- SOURCE INFORMATION -
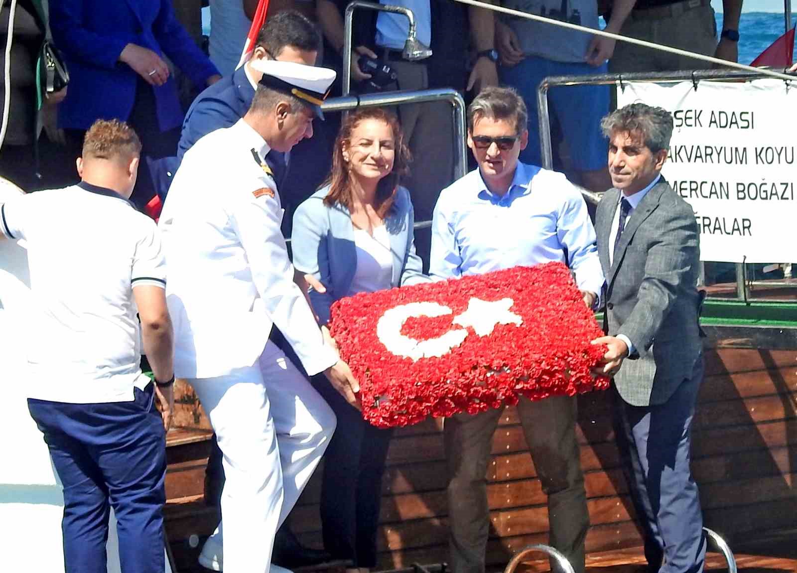 Denizcilik ve Kabotaj Bayramı kutlama töreni, Çeşme Kaymakamı Mehmet Maraşlı, Çeşme Belediye Başkan Vekili Banu Ayhan, Çeşme Liman Başkanı Ahmet Olcay Filiz ve Çeşme Sahil Güvenlik Karakol Komutanı Yüzbaşı Akın Satkan tarafından, deniz şehitleri anısına denize çelenk bırakıldı.
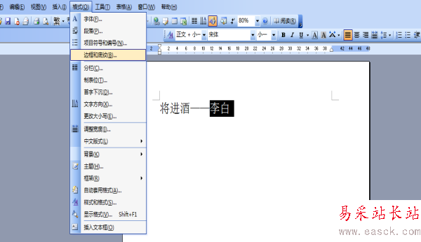 2、選擇菜單欄“格式”——“底紋和邊框”命令。
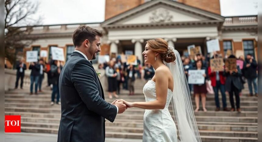 In midtown Manhattan, a Queens couple proved that not even the roar of a protest could overshadow their wedding day.Nicole and Richard Uraga, both 30, tied the knot at the main branch of the New York Public Library in Bryant Park, entering the iconic building just before over 700 pro-Palestine protesters gathered with signs, loud music and bombastic political chants. “When we came out, the whole protest was going on and they were banging and screaming up,” said Nicole. “But nothing can stop love,” the groom told The New York Post.The Uragas entered the building, exchanged their “I do’s” and reemerged outside as husband and wife into a dense and rowdy anti-Israel crowd swarming the entrance of the library. As the newlyweds took pictures near the steps celebrating their union, the protesters chanted “From the River to the Sea” and banged pots, pans and metal bowls. However, the demonstrators’ shrill shrieks could not disturb their newly minted marital bliss. “We did not let the protest get in the way of our marriage,” Nicole said. “It’s a day we’ve planned and we’ve hired a photographer and officiant and it’s a day that means something to us, August 16. So we decided to keep going on with our ceremony,” she added. The couple have been together for over 11 years and secured this date four months in advance. Regarding the protest, the bride’s mother Nancy Cando told The Post, “I pray for peace.”
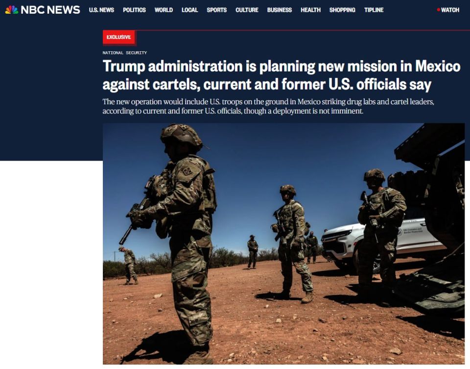 NBC News со ссылкой на действующих и бывших американских чиновников сообщает: администрация Трампа планирует направить войска и сотрудников разведки в Мексику для ударов по нарколабораториям и лидерам картелей. Подготовка к миссии уже началась, но...
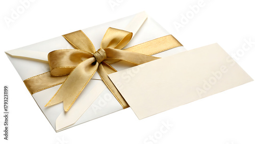 Blank gift card or invitation envelope with a gold ribbon cut out on PNG. AI GENERATED.
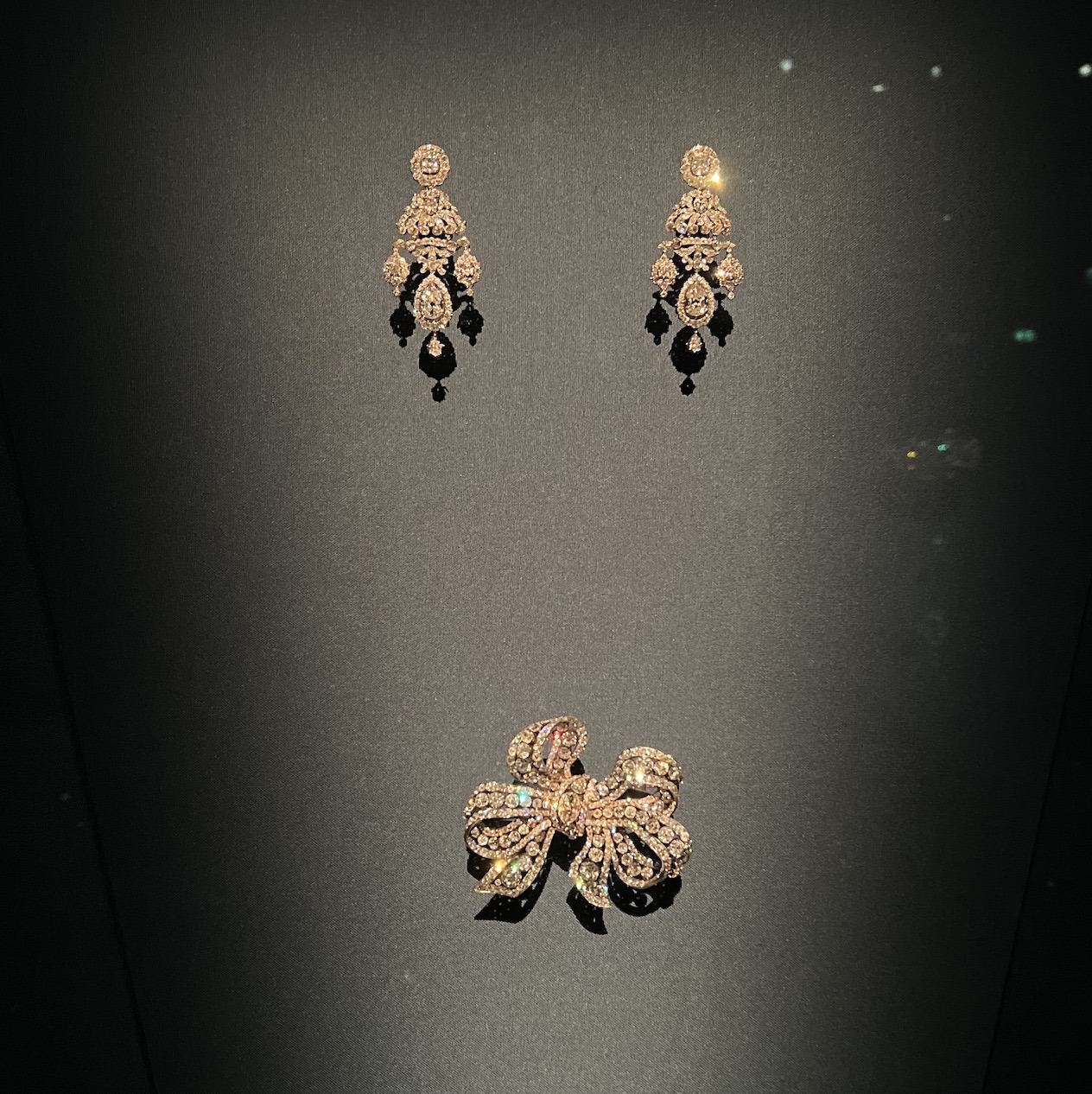 Most notable are Princess Marina’s Diamond Bow Brooch and Diamond Girandole Earrings, which both now belong to the Al Thani Collection. Beside that is the Londonderry Topaz Brooch and a Pendant from the V&A which was given by Queen Mary.
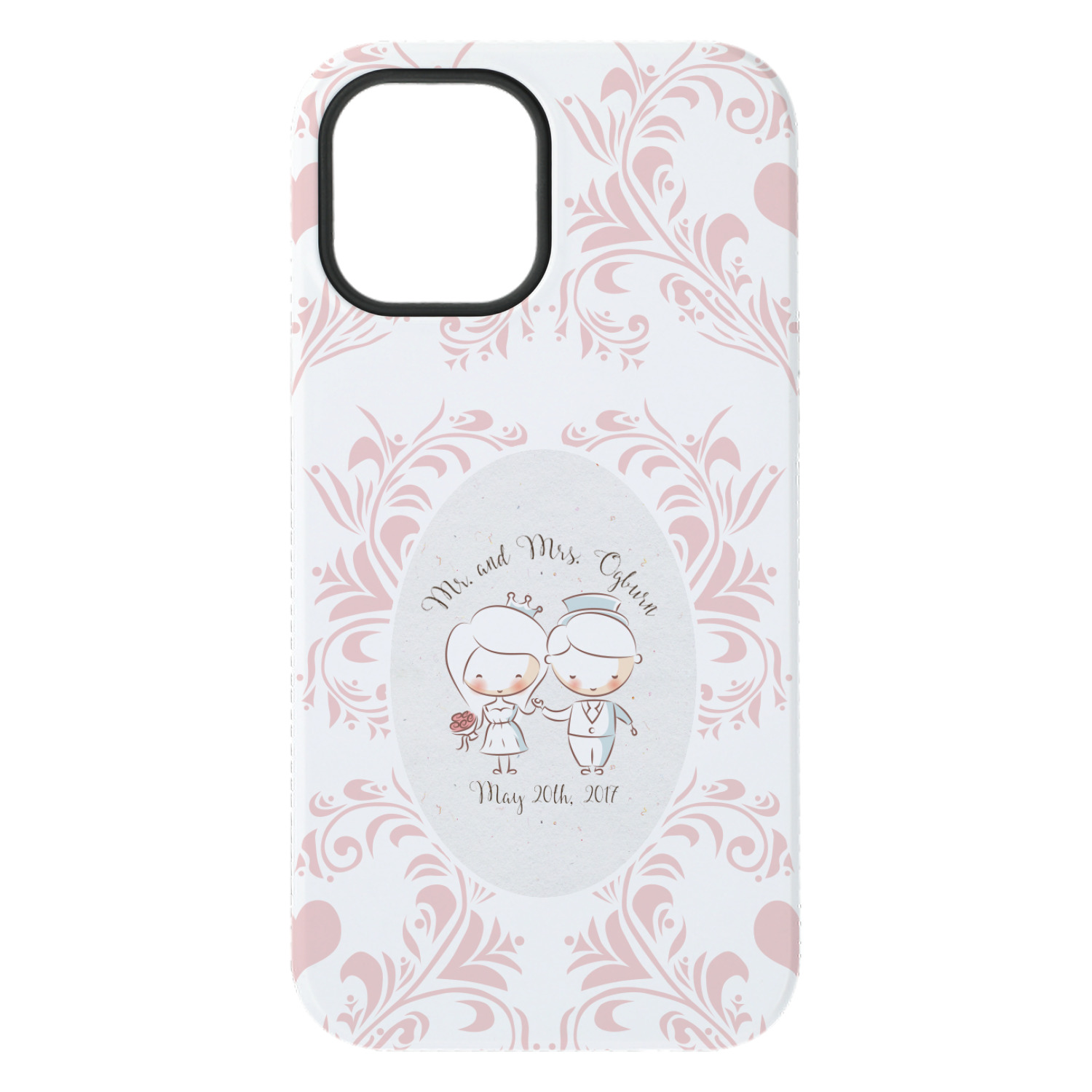 This design has an adorable bride and groom at the center of attention. They sit holding hands on a speckle textured off-white background. Above and below them is where the personalization goes, with the bride and groom's names and wedding date or whatever you choose. The textured background is a circle that surrounds the bride and groom while another background sits behind this circle. The secondary background is a white and light pink heart damask pattern, which looks adorable with the couples and their sweet rosy cheeks.
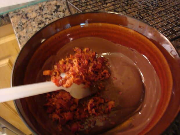 Poner la taza de Chocolate Chips/obleas en un recipiente y coloque en el microondas durante unos 20-40 segundos hasta que se derrita. Añadir el tocino en el chocolate derretido y mezclar hasta combinar.

- GOAL OF THE EXERCISE -
Retype the whole listing exactly. Do not include the pictures.

- RESPONSE -
 Denizcilik ve Kabotaj Bayramı kutlama töreni, Çeşme Kaymakamı Mehmet Maraşlı, Çeşme Belediye Başkan Vekili Banu Ayhan, Çeşme Liman Başkanı Ahmet Olcay Filiz ve Çeşme Sahil Güvenlik Karakol Komutanı Yüzbaşı Akın Satkan tarafından, deniz şehitleri anısına denize çelenk bırakıldı.
 2、選擇菜單欄“格式”——“底紋和邊框”命令。
 In midtown Manhattan, a Queens couple proved that not even the roar of a protest could overshadow their wedding day.Nicole and Richard Uraga, both 30, tied the knot at the main branch of the New York Public Library in Bryant Park, entering the iconic building just before over 700 pro-Palestine protesters gathered with signs, loud music and bombastic political chants. “When we came out, the whole protest was going on and they were banging and screaming up,” said Nicole. “But nothing can stop love,” the groom told The New York Post.The Uragas entered the building, exchanged their “I do’s” and reemerged outside as husband and wife into a dense and rowdy anti-Israel crowd swarming the entrance of the library. As the newlyweds took pictures near the steps celebrating their union, the protesters chanted “From the River to the Sea” and banged pots, pans and metal bowls. However, the demonstrators’ shrill shrieks could not disturb their newly minted marital bliss. “We did not let the protest get in the way of our marriage,” Nicole said. “It’s a day we’ve planned and we’ve hired a photographer and officiant and it’s a day that means something to us, August 16. So we decided to keep going on with our ceremony,” she added. The couple have been together for over 11 years and secured this date four months in advance. Regarding the protest, the bride’s mother Nancy Cando told The Post, “I pray for peace.”
 NBC News со ссылкой на действующих и бывших американских чиновников сообщает: администрация Трампа планирует направить войска и сотрудников разведки в Мексику для ударов по нарколабораториям и лидерам картелей. Подготовка к миссии уже началась, но...
 Blank gift card or invitation envelope with a gold ribbon cut out on PNG. AI GENERATED.
 Most notable are Princess Marina’s Diamond Bow Brooch and Diamond Girandole Earrings, which both now belong to the Al Thani Collection. Beside that is the Londonderry Topaz Brooch and a Pendant from the V&A which was given by Queen Mary.
 This design has an adorable bride and groom at the center of attention. They sit holding hands on a speckle textured off-white background. Above and below them is where the personalization goes, with the bride and groom's names and wedding date or whatever you choose. The textured background is a circle that surrounds the bride and groom while another background sits behind this circle. The secondary background is a white and light pink heart damask pattern, which looks adorable with the couples and their sweet rosy cheeks.
 Poner la taza de Chocolate Chips/obleas en un recipiente y coloque en el microondas durante unos 20-40 segundos hasta que se derrita. Añadir el tocino en el chocolate derretido y mezclar hasta combinar.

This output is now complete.